CONtexto Ganadero - Una lectura rural de la realidad colombiana
Victor Julio Guzman

Foto: Cortesía

Luis Felipe Guzmán, nieto de Victor Julio Guzmán (a la derecha).

cronica

El legado ganadero de Víctor Julio Guzmán sigue intacto tras un año de su partida

por: Angie Barbosa- 31 de Diciembre 1969

Aunque su fallecimiento marcó un vacío en la finca y en su familia, la ganadería que construyó en Boyacá continúa activa. Sus hijos mantienen la producción lechera y el trabajo diario como una forma de honrar más de nueve décadas dedicadas al campo. Una historia de herencia de principios, liderazgo y capacidad de trabajo.

Aunque su fallecimiento marcó un vacío en la finca y en su familia, la ganadería que construyó en Boyacá continúa activa. Sus hijos mantienen la producción lechera y el trabajo diario como una forma de honrar más de nueve décadas dedicadas al campo. Una historia de herencia de principios, liderazgo y capacidad de trabajo.



A un año de la muerte de Víctor Julio Guzmán Grimaldos, su legado no se detuvo. En Boyacá, las fincas La Cabaña, El Reposo, El Triunfo, Las Delicias o El Bosque, siguen en funcionamiento y la ganadería lechera continúa como reflejo de una vida construida alrededor del campo.

Hoy, son sus hijos quienes sostienen ese proyecto, guiados por los principios que él dejó sembrados.

“Nos hace falta su experiencia, su cariño y ese liderazgo que tenía en la finca, pero como familia seguimos adelante con el trabajo que él nos enseñó”, afirmó Eduardo Guzmán, dejando claro que, pese a la ausencia, el compromiso sigue intacto. Una muestra de la importancia del relevo generacional en la producción ganadera.


La ganadería sigue viva


La explotación lechera que consolidó Víctor Julio Guzmán sigue siendo el sustento diario de la familia.

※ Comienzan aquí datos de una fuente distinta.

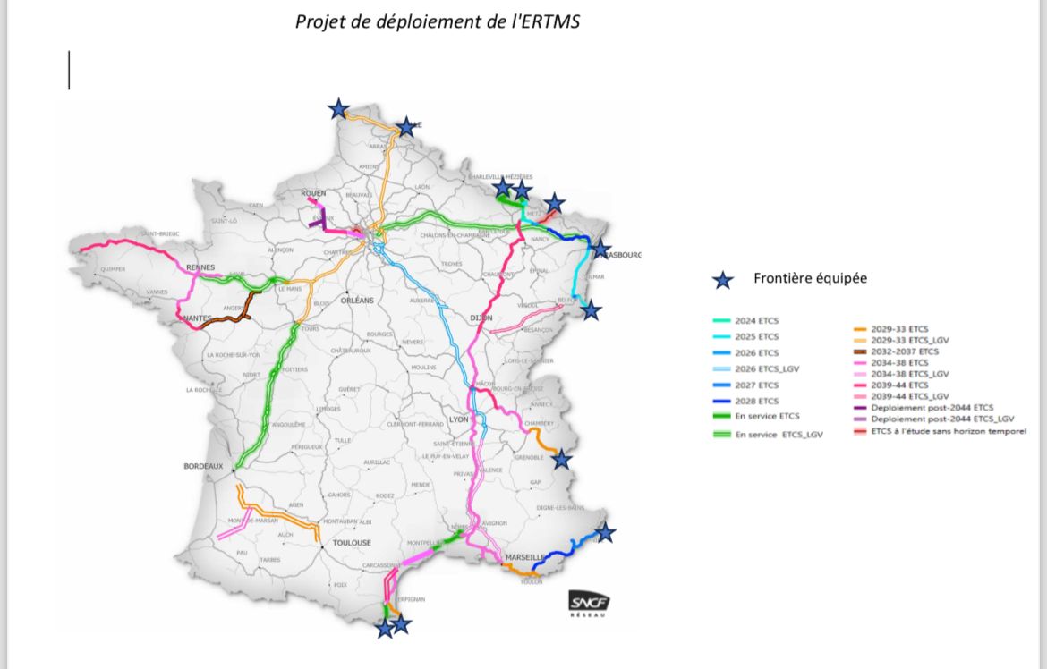 C’est pourquoi la Commission européenne demande aux gouvernements d’accélérer son déploiement.Or la France est en retard. Aujourd’hui, seules les trois LGV inaugurées en 2017 (LGV Est, Tours-Bordeaux, Bretagne) ont été conçues en intégrant l’ERTMS. Et des travaux sont donc en cours sur la LGV Sud Est et sur la ligne Marseille-Vintimille qui devrait connaître vers 2027 le même type d’opération que celui mis en oeuvre en novembre sur la LGV Paris-Lyon.

Con una base construida sobre el ganado normando y años de evolución productiva, hoy la finca mantiene sus niveles de producción y organización.

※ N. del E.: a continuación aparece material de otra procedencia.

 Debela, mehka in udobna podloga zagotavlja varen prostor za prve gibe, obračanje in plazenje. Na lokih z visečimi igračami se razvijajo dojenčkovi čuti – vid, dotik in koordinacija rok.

“Seguimos cuidando los predios, las pasturas y todo el manejo de las vacas en producción, tal como él nos enseñó”, señaló Eduardo, destacando la ganadería en marcha que permanece como símbolo de continuidad.

Más allá de la producción, el trabajo diario también conserva el sentido que Guzmán le imprimió: disciplina, cuidado del ganado y respeto por el oficio. Esa forma de entender la ganadería sigue presente en cada jornada.


Victor Julio Guzmán dedicó sus 94 años de vida a la ganadería. Foto: Cortesía.


Legado que guía


El impacto de Víctor Julio Guzmán se mide tanto en resultados productivos, como en la forma en que enseñó a vivir el campo. Su ejemplo marcó a su familia, que hoy reconoce en su memoria una guía constante.

“Lo que nos dejó fue un legado de trabajo, disciplina, enseñanza y familia, que hoy tratamos de mantener en cada cosa que hacemos”, aseguró su hijo, al resumir lo que significó su vida.

Ese legado de disciplina es el que hoy orienta las decisiones en la finca.

Incluso en su ausencia, su figura sigue presente en las labores cotidianas, en la organización del trabajo y en el cuidado de los animales, pilares que definieron su vida.


Recuerdo de un líder del campo


Quienes lo conocieron recuerdan a un hombre madrugador, organizado y profundamente comprometido con el bienestar de su ganado y su comunidad. Su rutina diaria era reflejo de una convicción que mantuvo hasta el final.

“Todos los días recorría la finca, revisaba potreros, pastos y cada actividad, siempre pendiente de que todo estuviera en orden”, recordó Eduardo, al describir una vida marcada por la constancia y el detalle. Esa vida en el campo fue su esencia y así lo aprendieron sus hijos.

Además, defendió con firmeza el papel del campesino en Colombia. “Siempre insistía en que el campesino no es reconocido como debería, a pesar de que trabaja todos los días por el país sin hacer ruido”, expresó su hijo, resaltando una visión que hoy cobra aún más vigencia.

Así, a un año de su partida, Víctor Julio Guzmán sigue presente en cada ordeño, en cada decisión y en cada esfuerzo por mantener en pie una ganadería que no solo produce leche, sino que también conserva la historia de un hombre que hizo del campo su vida y un legado para sus hijos.



Es motivo de orgullo, jubilo y alegría resaltar la vida de un gran ganadero como don Víctor Julio, una figura gremial del municipio por su talante, visión y don de gentes. Foto: Cortesía.